Autograd for Optimal Transport distance


I’m currently working on optimal transport distance for the inverse problem. I’m using PyTorch loss.backward() for computing the gradient of optimal transport distance. However, it doesn’t reflect any updates on my model. I would like to know, does PyTorch support the autograd of optimal transport distance?

Thank you.

Here I attached snapshots of my codes:

for b in batches:
        batch_xs = xs[b::BATCHES]
        batch_xr = xr[b::BATCHES]

        data_sim = pde_solver(batch_xs, batch_xr)
        data_true = noisy_data[b::BATCHES, ...]

        sim, data_sim_cdf = OT_data_normalization(data_sim, 6.0, 1.0)
        true, data_true_cdf = OT_data_normalization(data_true, 6.0, 1.0)

        with torch.cuda.amp.autocast():
            loss = OTloss(data_sim_cdf, data_true_cdf, sim, T)

        nn.utils.clip_grad_value_(pde_solver.model, clip_value=1e3)
# Data normalization function
def OT_data_normalization(data, b, c):
    ns, nr, nt = data.shape
    data = data.reshape(ns*nr, nt)

    data = torch.log(torch.exp(b*data) + 1)
    data_norm = (data + c) / torch.sum(data + c, dim=-1,keepdim=True)
    data_cdf = torch.cumsum(data_norm, dim=-1)
    return data_norm, data_cdf
# compute OT loss
def OTloss(cdf_sim, cdf_obs, dsim, t):
    idx = torch.searchsorted(cdf_obs, cdf_sim)
    idx[idx == t.shape[-1]] = -1
    tidx = t[idx]
    return ((t - tidx)**2 * dsim).sum()

I don’t see any obvious issues in your code, but as it’s not executable I also cannot verify its functionality.
You could check if all the expected parameters in your model receive a valid gradient by checking the .grad attribute before and after calling the first backward() operation.
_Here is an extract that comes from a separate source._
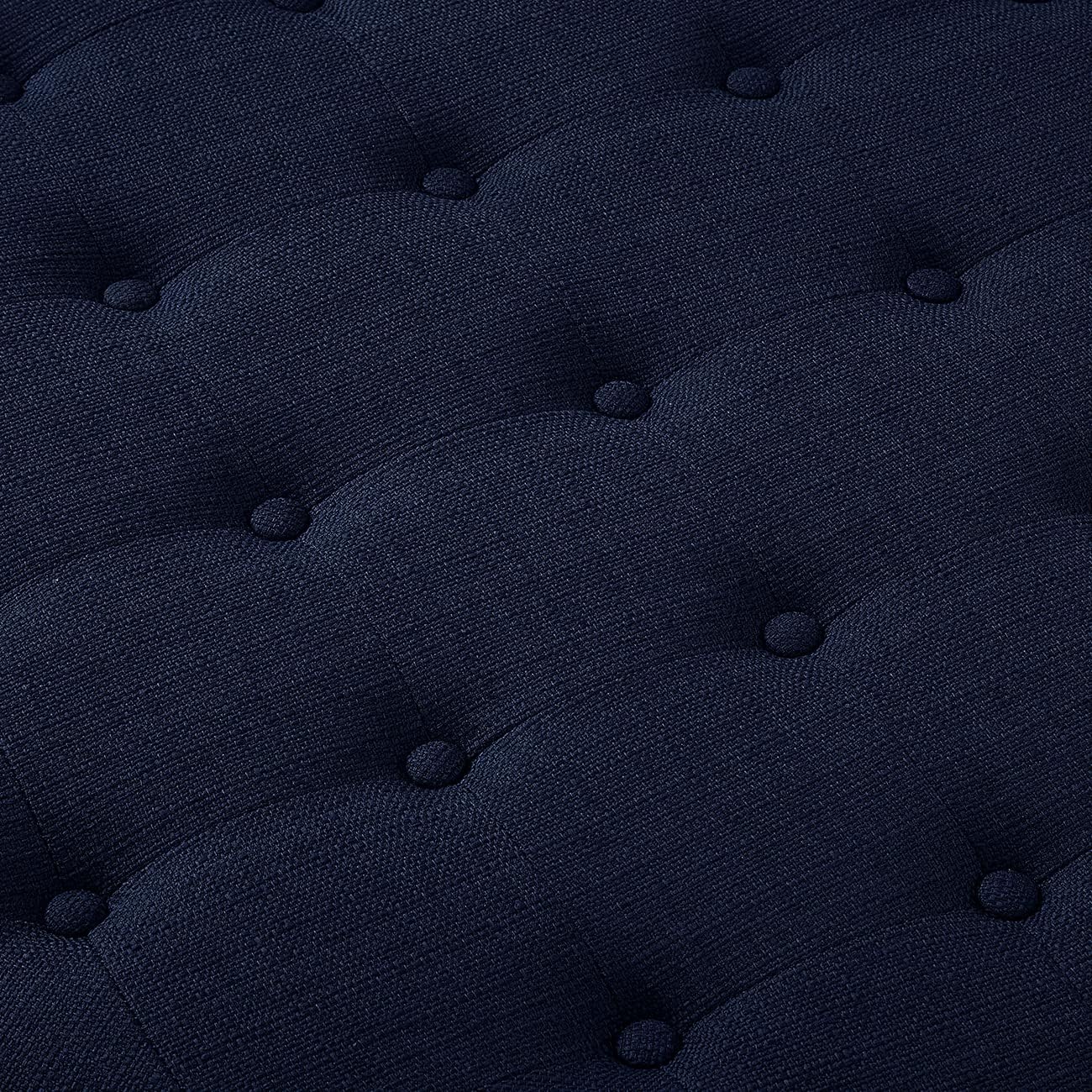 24KF Large Round Upholstered Tufted Linen Ottoman Coffee Table, Large Footrest Ottoman with Wood Shelf Storage- Navy Blue

Once this is done you could then check their values or magnitude and see if they might be really small and thus almost no change would be visible.

Hi @ptrblck! Great thanks for your suggestions! Sorry I couldn’t provide the complete code here because it is rather large. I followed your suggestions, and I found out that the gradient is not correct, and of course, the value is very small as you mentioned. I’m not sure how accurate is the autograd in approximating the gradient of complicated loss w.r.t PDE parameters. I need to check this out. Thanks a lot!